- Assignment: Up to and including the line that holds "Men's White Double", print the data exactly from its first line; do not print the pictures.

━━━━━ Given entries ━━━━━

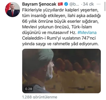 AK Parti İstanbul İl Başkanı Bayram Şenocak ise "Fikirleriyle yüzyıllardır kalpleri yeşerten, tüm insanlığı etkileyen, ilahi aşka adadığı 66 yıllık ömrüne büyük eserler sığdıran, Mevlevi yolunun öncüsü, Türk-İslam düşünürü ve mutasavvıf Hz. Mevlana Celaleddin-i Rumi'yi vuslatının 747'nci yılında saygı ve rahmetle yâd ediyorum" dedi.
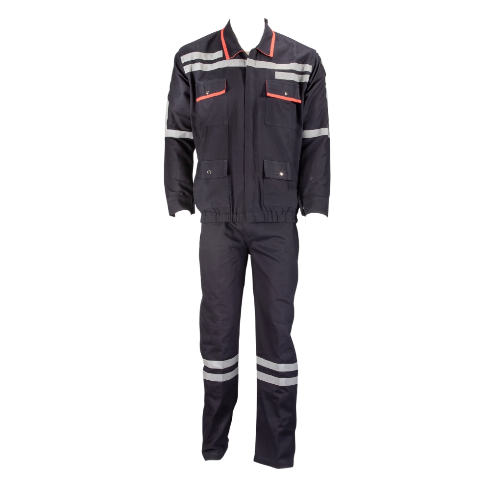 Full-sleeve shirt and pant set combining durability, safety, and style, featuring red piping for a professional look, heavy-duty brass zipper, multiple pockets, and high-visibility reflective strips for enhanced safety.
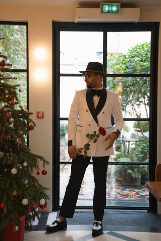 Men's White Double Breasted Tuxedo Two Piece Suit For Wedding Engagement Groom Prom Dinner Party Wear
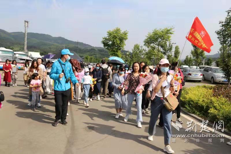 大巴上的特殊游客,是來自湖南、山東援黃醫(yī)療隊的醫(yī)療隊員及隨行親友,共計60余人。在麻城市政府相關(guān)部門工作人員的熱烈掌聲及龜峰山景區(qū)員工們列隊歡迎中,他們步入景區(qū)北大門游客中心前廣場。
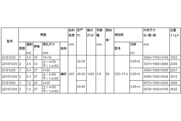 ZWS型振網(wǎng)篩是以振動(dòng)電機(jī)做為振動(dòng)源,牽引篩網(wǎng)及篩框振動(dòng),實(shí)現(xiàn)物料分級(jí)。ZWS振網(wǎng)篩由給料器、篩箱篩面機(jī)體料斗和振網(wǎng)裝置組成。材料由給料器均勻給到篩面,分成篩上產(chǎn)品與篩下產(chǎn)品(單層篩)。本系列振網(wǎng)篩以振動(dòng)電機(jī)為振動(dòng)源,牽引篩網(wǎng)上下振動(dòng),篩機(jī)振幅可調(diào),以適應(yīng)不同物料的分級(jí)。篩網(wǎng)的振動(dòng),一方面可防止篩網(wǎng)堵塞,同時(shí)使物料拋起向前彈跳實(shí)現(xiàn)分級(jí),因而振網(wǎng)篩的篩分效率高。 ZWS型振網(wǎng)篩主要特點(diǎn): 1.密封防塵,維修方便。 2.篩機(jī)振幅可調(diào),篩分效率高。 3.生產(chǎn)能力大,動(dòng)負(fù)荷小,噪音低。參數(shù)
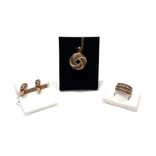 This is a set of jewelry that comes with a finger ring, a pair of earrings and a necklace. Each piece is masterly decorated with sparkling diamond elements for added luxuriousness. This set makes a great addition to your fine jewelry collection.
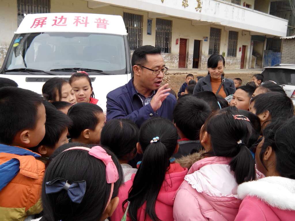 2016年3月29日,屏边科普大蓬车开进了校园,县委常委、县人民政府常务副县长刘红明率领县科协干部到和平镇中心校开展科普知识宣传。
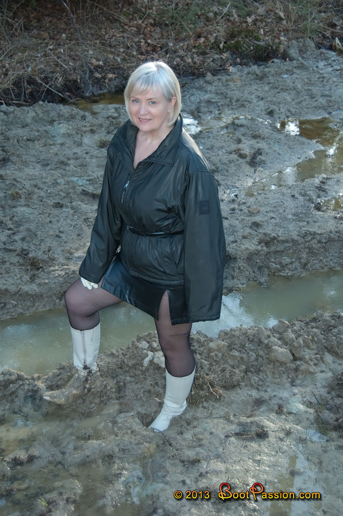 Gallery 411 (Apr 17, 2013). These fashion boots have experienced hard times over the years but part from just a few scratches they look as on the very first day. And well, I know that I'm not the only one who loves their lovely sight (clean and muddy). This time we found a wonderful cleared woodland. The area was surrounded by deposited mounds of earth. I couldn't resist to climb over the Muddy Hills — and discovered a magnificent playground with deep spots and muddy puddles. It didn't take long before I had already sunk in over the boot tops. (44 pictures and 6:13 min video in the members area).
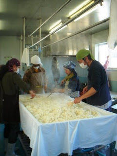 ●タイムスケジュール8日、9時前に味来センター集合。9時からセンターで麹の管理と、大豆を蒸して、潰します。終了16時。9日、8時前に味来センター集合。8時から出麹"でこうじ"(麹ができて、麹室"こうじむろ"から出すこと)、機械で大豆と麹と塩の混合。樽に仕込む。終了10時30分
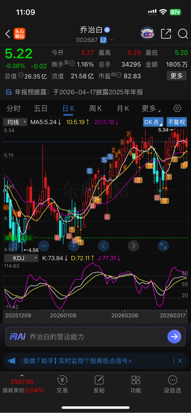 $乔治白(SZ002687)$ 一直冲不上5.34,又要慢慢熬了,唉……
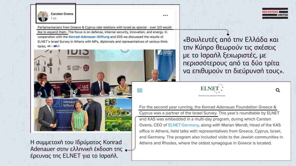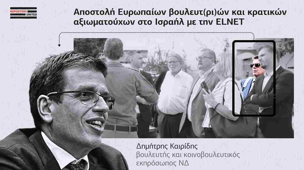 Στα πρότυπα της AIPAC, του ισραηλινού λόμπι που ασκεί επιρροή στο πολιτικό σύστημα των ΗΠΑ, μια άγνωστη ώς τώρα οργάνωση προσπαθεί να κάνει το ίδιο στην Ευρώπη – και στην Ελλάδα. Καταγράφουμε τα ίχνη της ELNET στη χώρα μας, με αιχμή το ταξίδι του βουλευτή και κοινοβουλευτικού εκπροσώπου της ΝΔ Δημήτρη Καιρίδη στο Ισραήλ εν μέσω γενοκτονίας. Έρευνα Reporters United σε συνεργασία με διεθνή ΜΜΕ: Τhe Diasporist, TAZ και ND (Γερμανία), Intercept (ΗΠΑ), Mediapart (Γαλλία).
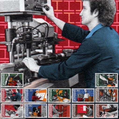 Seria obiegowa, na znaczkach której widnieją ludzie przy pracy w następujących dziedzinach:
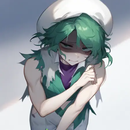 1boy, male focus, sidelocks, short hair, Green hair, white headwear, crop top, purple shirt, sleeveless, white vest, white pants

━━━━━

- Exercise response:
 AK Parti İstanbul İl Başkanı Bayram Şenocak ise "Fikirleriyle yüzyıllardır kalpleri yeşerten, tüm insanlığı etkileyen, ilahi aşka adadığı 66 yıllık ömrüne büyük eserler sığdıran, Mevlevi yolunun öncüsü, Türk-İslam düşünürü ve mutasavvıf Hz. Mevlana Celaleddin-i Rumi'yi vuslatının 747'nci yılında saygı ve rahmetle yâd ediyorum" dedi.
 Full-sleeve shirt and pant set combining durability, safety, and style, featuring red piping for a professional look, heavy-duty brass zipper, multiple pockets, and high-visibility reflective strips for enhanced safety.
 Men's White Double Breasted Tuxedo Two Piece Suit For Wedding Engagement Groom Prom Dinner Party Wear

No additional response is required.